Haben wir etwas falsch gemacht? Was?

Von Lothar Finger

Ich erinnere noch das eigenartige Gefühl, als sich die SPD nach dem Rückzug der FDP aus den Koalitionsverhandlungen gegen ihre Aussage sich in der Opposition zu erneuern, doch wieder mit Frau Merkel an einen Tisch setzte und daraus eine Koalition aus Not und Elend bildete.

Merkel wurde zwar gerupft, ging aber mit einem entspannten Gesicht Richtung Kanzleramt. Ob sie erreicht hatte, was sie wollte?

Na – so schlimm wollte sie es sicher nicht! Aber eines haben wir alle nicht bemerkt: Sie sitzt wieder im Kanzleramt, empfängt Gäste, regiert mit Intrigen und unfehlbarem Machtinstinkt und trotz aller Anwürfe weiter!

Sie hat zwar Promoviert, kann aber nicht mal die simpelsten Rechenopertationen was eine mögliche Energiewende anbelangt durchdringen noch, das ein nicht evaluierter PCR – Test nicht zur Vernichtung von Wirtschaft, Kultur herangezogen werden darf!

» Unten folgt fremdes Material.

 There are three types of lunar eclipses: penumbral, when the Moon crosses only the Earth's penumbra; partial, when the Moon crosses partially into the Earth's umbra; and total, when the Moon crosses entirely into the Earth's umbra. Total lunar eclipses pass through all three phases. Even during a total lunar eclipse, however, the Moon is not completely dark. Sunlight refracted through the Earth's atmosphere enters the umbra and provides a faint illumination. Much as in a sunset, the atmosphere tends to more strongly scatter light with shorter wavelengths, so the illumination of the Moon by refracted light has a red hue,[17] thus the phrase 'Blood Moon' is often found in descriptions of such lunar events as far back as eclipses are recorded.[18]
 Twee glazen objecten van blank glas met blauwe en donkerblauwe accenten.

Das man nicht zur gleichen Zeit aus Atomenergie und aus der Kohle aussteigen kann. Und das, weil man das mit einfachen Grundrechenopertationen feststellen kann!

Ich mag gar nicht alle unglaublichen Taten aufzählen – Nur ein paar zum verdeutlichen :

ESM, Dieselverbote, Grenzwerte, Elektromobilität, TargetII Salden, Zensurgesetzte, oder als sie ihre Freundin, welche gar nicht nicht zur Wahl stand in Brüssel platziert hat! (Und diese sofort mit dem verplempern von Milliarden begonnen hat) Ausschaltung des Parlaments, Aussetzung der wesentlichsten Grundrechte- nach belieben der Regierung. Effektive Beeinflussung der Massen durch Kontrolle der MSM.

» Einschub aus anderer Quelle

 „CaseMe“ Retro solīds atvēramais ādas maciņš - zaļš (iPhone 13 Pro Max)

Der Schaden: Schwer zu beziffern – aber unermesslich in der Höhe.

Ich hörte von zwei Milliarden € pro Tag ihrer Regierungszeit. Diese Zahl kommt der Realität recht nahe. Mit solchen Beträgen zwingt man jedes Land in die Knie, vor allen Dingen wenn Günstlinge, Berufsjubler und Parteisoldaten jegliche Opposition eingestellt haben. (So sie denn je eine wahren.)

Viele sahen diese Frau als Puttchen von schlichtem Gemüt, die nicht mehr viel anrichten kann. Hier denke ich liegt ein entscheidender Trugschluss:

Die Frau ist nicht dumm – mit dem Puttchen- Immage spielt sie sehr geschickt und zieht ihren Widersachern die Hose im gehen aus, ohne das diese es merken!

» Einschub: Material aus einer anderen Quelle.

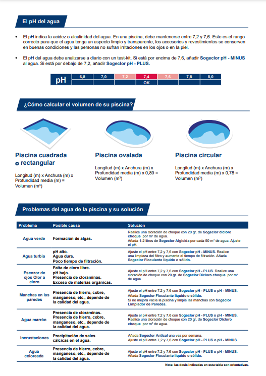 2-Tratamiento de choque: 10 gr por m3 de agua y dejar funcionar la filtración 24h.
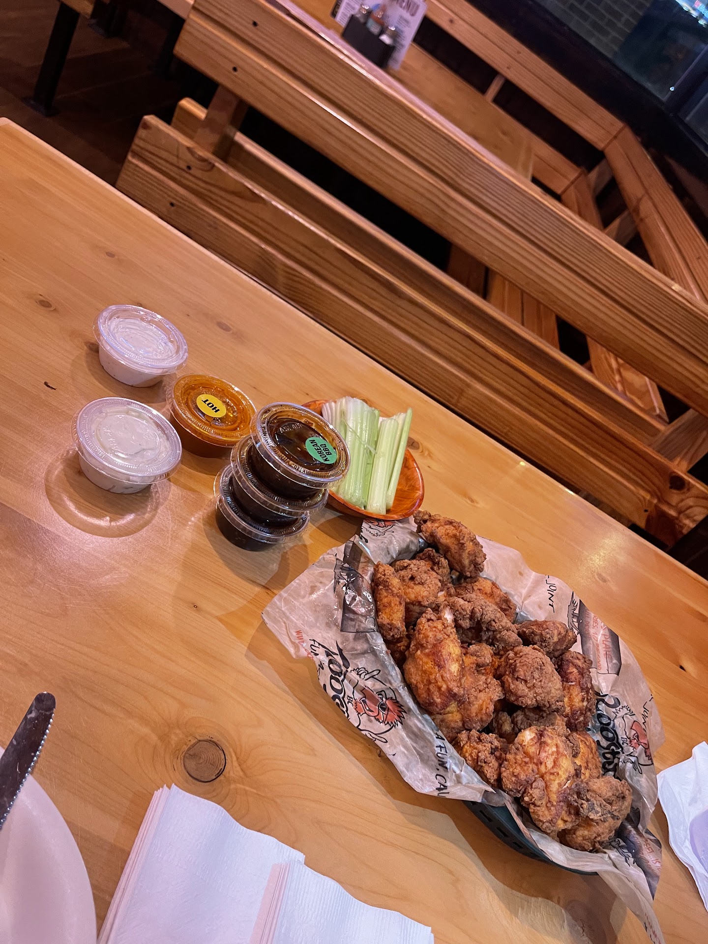 Even though Roosters brands itself as a fast casual restaurant, this location is far from that. Wait times keep getting longer and longer. On my most recent visit, I ordered just 5 wings at 10:00 PM with an empty dining room and still waited 30 minutes for my food. At that point, I didnāt even have the energy to complain. I just wanted to leave.
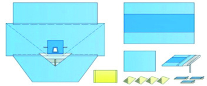 • 1 drappo ginecologico per posizione litotomica 290×240 cm con foro adesivo, leggings integrato, sacca per la raccolta del liquido con filtro e valvola di scarico
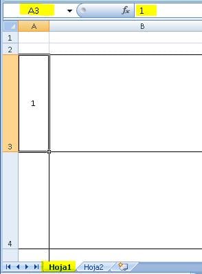 PASO 4. Ahora vamos a la Hoja1, en la celda A3 escribe el número 1. (Este número es para identificar la celda de la Hoja2).

Wie gnadenlos sie mit Unliebsamen umzugehen vermag konnte man recht gut beim Mord auf offener Bühne an Herrn Röttgen sehen, oder zum Beispiel bei der Rücksetzung des Ergebnisses der freien Wahlen in Thüringen, welche sie nach ihrer Rückkehr aus Africa auch umgehend „korrigierte“. So konnte (musste) auch Friedrich Merz zu Kenntnis nehmen, das sie ihn als Fraktionsvorsitzenden ganz einfach eliminiert hat. Und jetzt – bei der eigentlich anstehenden Neuwahl des Parteivorsitzenden wurde er wieder ausgebremst – wer da wohl an den Fäden gezogen hat? (To be continued)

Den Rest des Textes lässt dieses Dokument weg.